_Source material_
[Start of section]

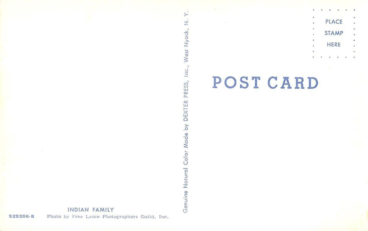 Very Good. Vintage Postcard. Teepee Native Americans INDIAN FAMILY Dexter Press 1950s Chrome Vintage Postcard Teepee Native Americans INDIAN FAMILY Dexter Press 1950s Chrome Vintage Postcard Click images to enlarge Description Vintage Postcard. There is a flat rate of $1.00 to ship anywhere within the U. S. Multiple items will have a combined shipping rate of only $1.00. International - $1.50. Please check our other items in our Hip store: Visit My Hip Store. Please feel free to contact me with any questions you may have. All cards sold are vintage, no reproductions. Images sell!Get Supersized Images & Free Image HostingCreate your brand with Auctiva'sCustomizable Templates.Attention Sellers - Get TemplatesImage Hosting, Scheduling at Auctiva.com.Track Page Views WithAuctiva's Counter
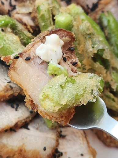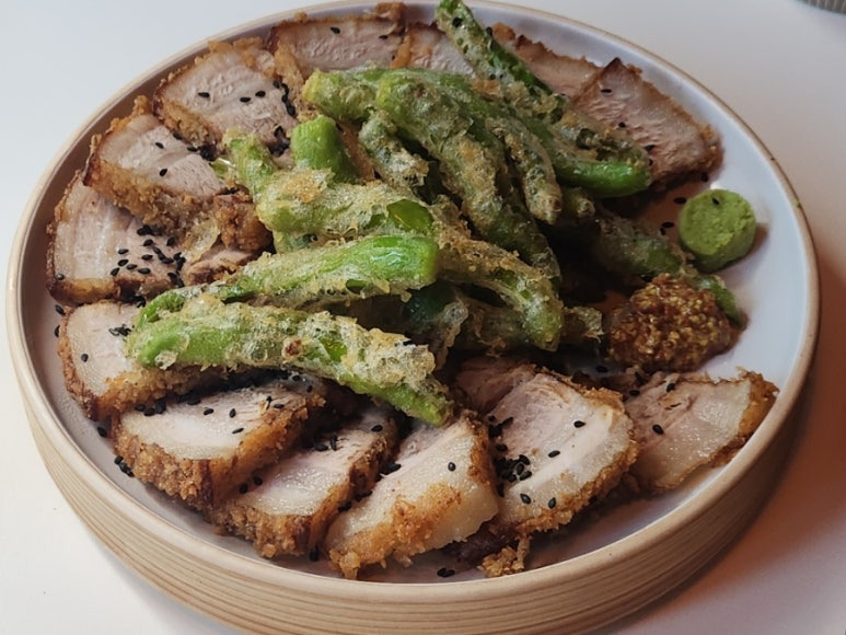 드디어 실물로 영접한 꽈리고추수육튀김이에요.
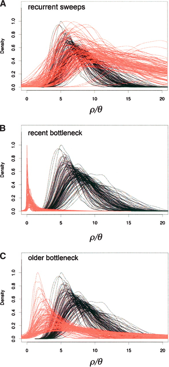 The effect of (A) recurrent hitchhiking, (B) a very recent bottleneck, and (C) a less recent bottleneck on multilocus estimates of ρ/θ. Each curve represents one of 100 simulated replicates of 10 independent loci. In red are 100 replicate distributions of ρ/θ for data simulated under sweeps or a bottleneck. In black are 100 replicate distributions of ρ/θ for the ancestral population. For the hitchhiking model (A), the relevant parameters used are the strength of selection, s = 0.005, the effective population size, Ne = 2.5 million, and the expected number of sweeps in 4Ne generations, λ = 0.00004. In bottleneck (B), the population size is reduced by a factor f = 0.05 between 0.014Ne and 0.12Ne generations ago. In bottleneck (C), we model the same reduction in Ne between 0.12Ne to 0.24Ne generations ago. For all models, the average reduction in variability (π) was set to ∼0.4 of the ancestral population θ.

[End of section]

_Task instructions_
Reproduce word for word only the lines between the line containing "드디어 실물로 영접한 꽈리고추수육튀김이에요." and the end of the listing above, both included, and drop any pictures.

_Answer_
 드디어 실물로 영접한 꽈리고추수육튀김이에요.
 The effect of (A) recurrent hitchhiking, (B) a very recent bottleneck, and (C) a less recent bottleneck on multilocus estimates of ρ/θ. Each curve represents one of 100 simulated replicates of 10 independent loci. In red are 100 replicate distributions of ρ/θ for data simulated under sweeps or a bottleneck. In black are 100 replicate distributions of ρ/θ for the ancestral population. For the hitchhiking model (A), the relevant parameters used are the strength of selection, s = 0.005, the effective population size, Ne = 2.5 million, and the expected number of sweeps in 4Ne generations, λ = 0.00004. In bottleneck (B), the population size is reduced by a factor f = 0.05 between 0.014Ne and 0.12Ne generations ago. In bottleneck (C), we model the same reduction in Ne between 0.12Ne to 0.24Ne generations ago. For all models, the average reduction in variability (π) was set to ∼0.4 of the ancestral population θ.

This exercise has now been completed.